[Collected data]

----

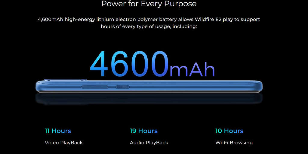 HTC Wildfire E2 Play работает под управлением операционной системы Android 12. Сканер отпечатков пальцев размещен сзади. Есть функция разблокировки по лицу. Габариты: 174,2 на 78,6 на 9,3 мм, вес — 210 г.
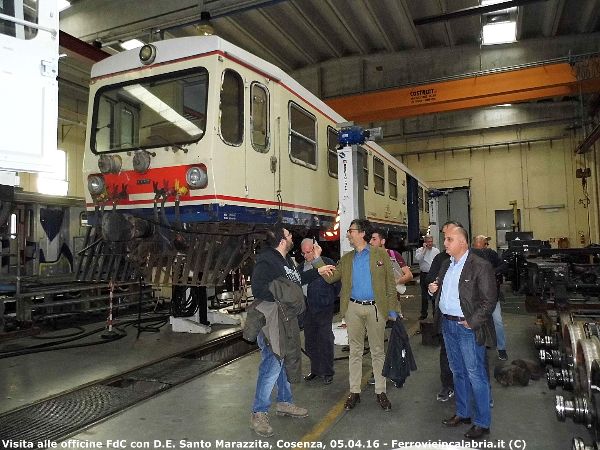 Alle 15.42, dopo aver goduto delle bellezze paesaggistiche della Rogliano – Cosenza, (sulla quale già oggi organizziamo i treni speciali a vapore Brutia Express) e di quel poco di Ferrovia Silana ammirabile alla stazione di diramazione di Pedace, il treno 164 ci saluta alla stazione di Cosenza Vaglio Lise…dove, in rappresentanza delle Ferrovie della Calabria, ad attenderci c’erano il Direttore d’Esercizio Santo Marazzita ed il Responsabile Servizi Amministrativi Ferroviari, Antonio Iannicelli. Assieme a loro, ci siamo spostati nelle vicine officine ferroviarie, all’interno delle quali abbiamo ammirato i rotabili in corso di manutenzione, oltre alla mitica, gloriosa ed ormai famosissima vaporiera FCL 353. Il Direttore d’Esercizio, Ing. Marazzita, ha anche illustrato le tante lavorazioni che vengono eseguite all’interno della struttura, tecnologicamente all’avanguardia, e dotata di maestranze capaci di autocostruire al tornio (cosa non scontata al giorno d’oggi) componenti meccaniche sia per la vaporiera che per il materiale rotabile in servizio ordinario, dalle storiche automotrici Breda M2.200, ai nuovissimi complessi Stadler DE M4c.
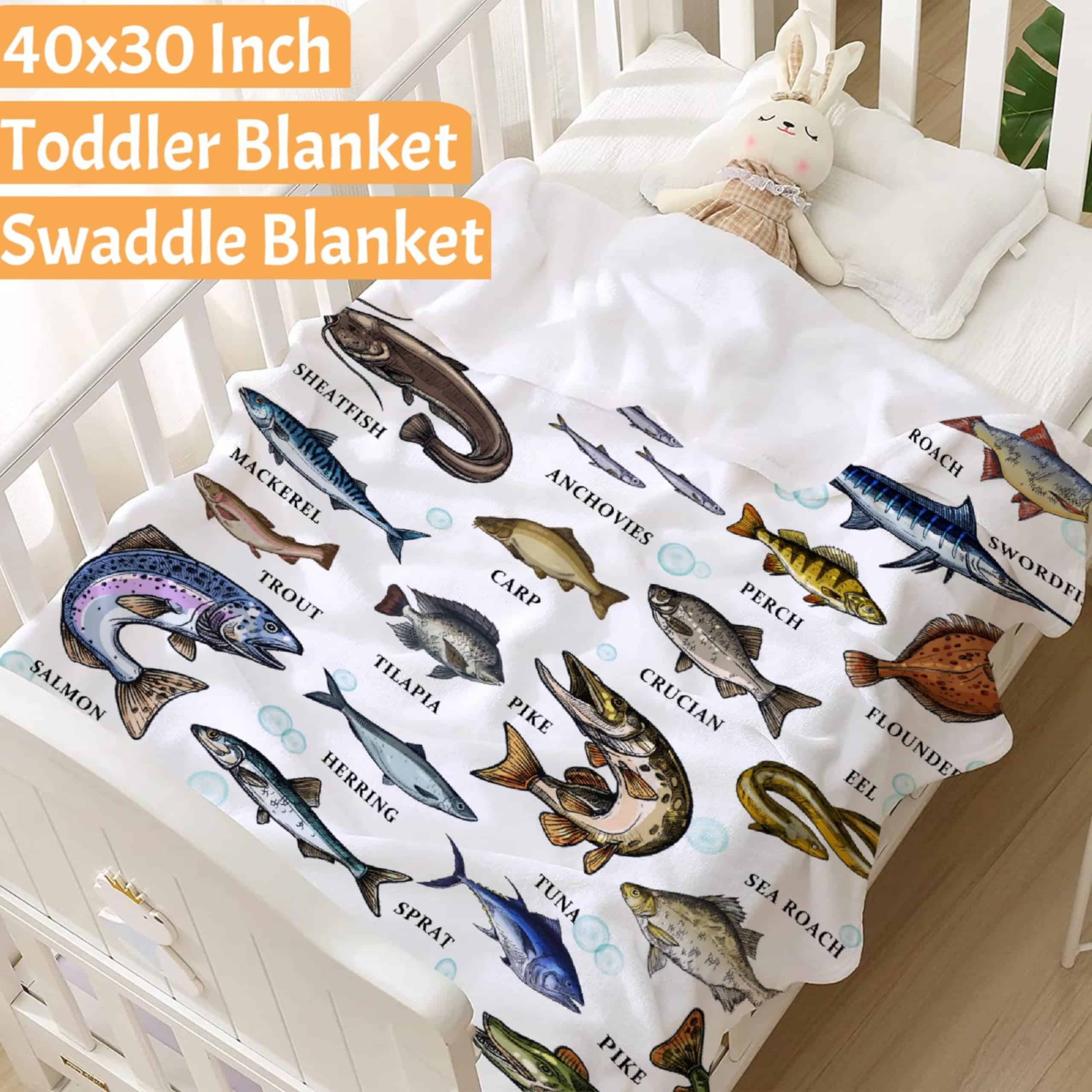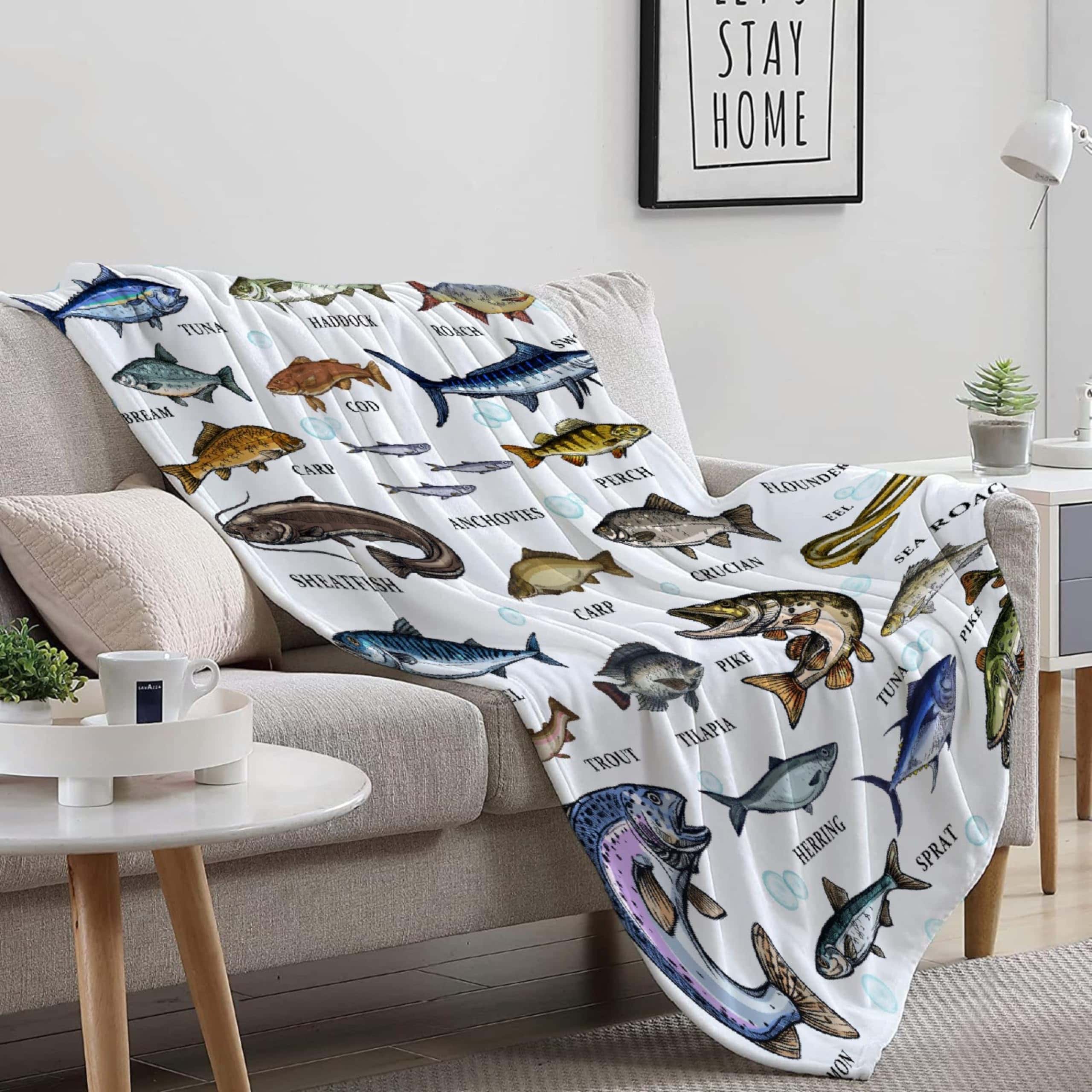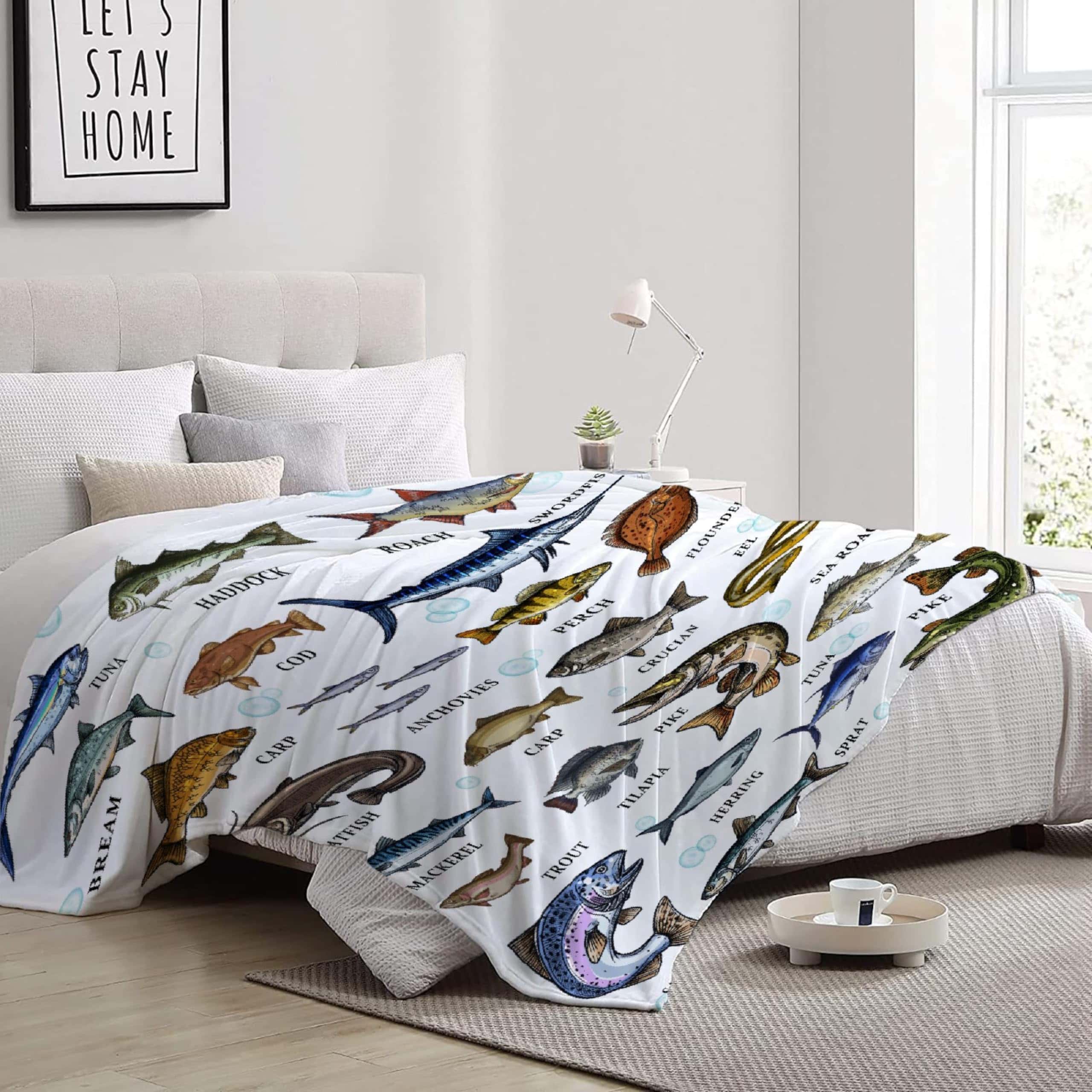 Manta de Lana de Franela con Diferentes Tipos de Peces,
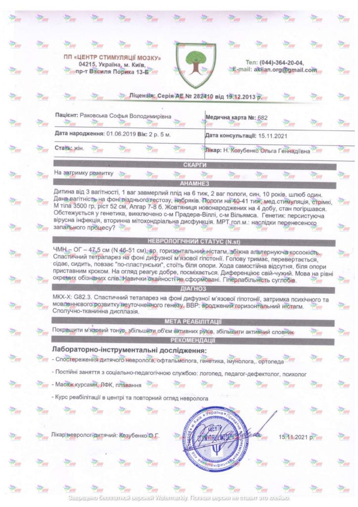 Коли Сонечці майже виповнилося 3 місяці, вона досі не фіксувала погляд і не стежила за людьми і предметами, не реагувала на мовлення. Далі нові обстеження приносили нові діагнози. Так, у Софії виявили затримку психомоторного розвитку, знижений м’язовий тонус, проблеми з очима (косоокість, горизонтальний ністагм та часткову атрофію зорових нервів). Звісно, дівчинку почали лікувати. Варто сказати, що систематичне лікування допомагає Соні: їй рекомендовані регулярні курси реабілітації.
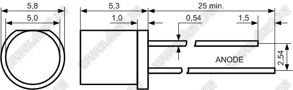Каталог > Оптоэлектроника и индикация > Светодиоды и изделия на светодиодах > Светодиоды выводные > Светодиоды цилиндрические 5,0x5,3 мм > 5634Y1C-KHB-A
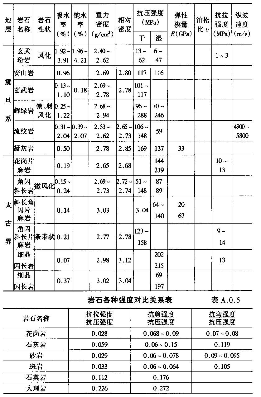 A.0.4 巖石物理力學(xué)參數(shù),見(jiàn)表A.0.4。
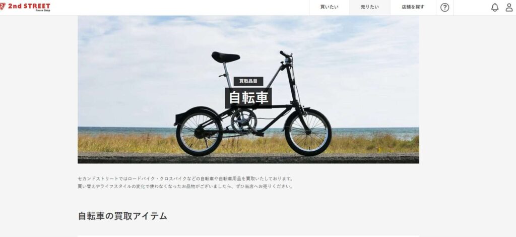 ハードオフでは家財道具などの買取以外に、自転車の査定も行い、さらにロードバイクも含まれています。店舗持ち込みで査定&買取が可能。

----

Exclude every picture, then reproduce the remaining data character for character.

 HTC Wildfire E2 Play работает под управлением операционной системы Android 12. Сканер отпечатков пальцев размещен сзади. Есть функция разблокировки по лицу. Габариты: 174,2 на 78,6 на 9,3 мм, вес — 210 г.
 Alle 15.42, dopo aver goduto delle bellezze paesaggistiche della Rogliano – Cosenza, (sulla quale già oggi organizziamo i treni speciali a vapore Brutia Express) e di quel poco di Ferrovia Silana ammirabile alla stazione di diramazione di Pedace, il treno 164 ci saluta alla stazione di Cosenza Vaglio Lise…dove, in rappresentanza delle Ferrovie della Calabria, ad attenderci c’erano il Direttore d’Esercizio Santo Marazzita ed il Responsabile Servizi Amministrativi Ferroviari, Antonio Iannicelli. Assieme a loro, ci siamo spostati nelle vicine officine ferroviarie, all’interno delle quali abbiamo ammirato i rotabili in corso di manutenzione, oltre alla mitica, gloriosa ed ormai famosissima vaporiera FCL 353. Il Direttore d’Esercizio, Ing. Marazzita, ha anche illustrato le tante lavorazioni che vengono eseguite all’interno della struttura, tecnologicamente all’avanguardia, e dotata di maestranze capaci di autocostruire al tornio (cosa non scontata al giorno d’oggi) componenti meccaniche sia per la vaporiera che per il materiale rotabile in servizio ordinario, dalle storiche automotrici Breda M2.200, ai nuovissimi complessi Stadler DE M4c.
 Manta de Lana de Franela con Diferentes Tipos de Peces,
 Коли Сонечці майже виповнилося 3 місяці, вона досі не фіксувала погляд і не стежила за людьми і предметами, не реагувала на мовлення. Далі нові обстеження приносили нові діагнози. Так, у Софії виявили затримку психомоторного розвитку, знижений м’язовий тонус, проблеми з очима (косоокість, горизонтальний ністагм та часткову атрофію зорових нервів). Звісно, дівчинку почали лікувати. Варто сказати, що систематичне лікування допомагає Соні: їй рекомендовані регулярні курси реабілітації.
Каталог > Оптоэлектроника и индикация > Светодиоды и изделия на светодиодах > Светодиоды выводные > Светодиоды цилиндрические 5,0x5,3 мм > 5634Y1C-KHB-A
 A.0.4 巖石物理力學(xué)參數(shù),見(jiàn)表A.0.4。
 ハードオフでは家財道具などの買取以外に、自転車の査定も行い、さらにロードバイクも含まれています。店舗持ち込みで査定&買取が可能。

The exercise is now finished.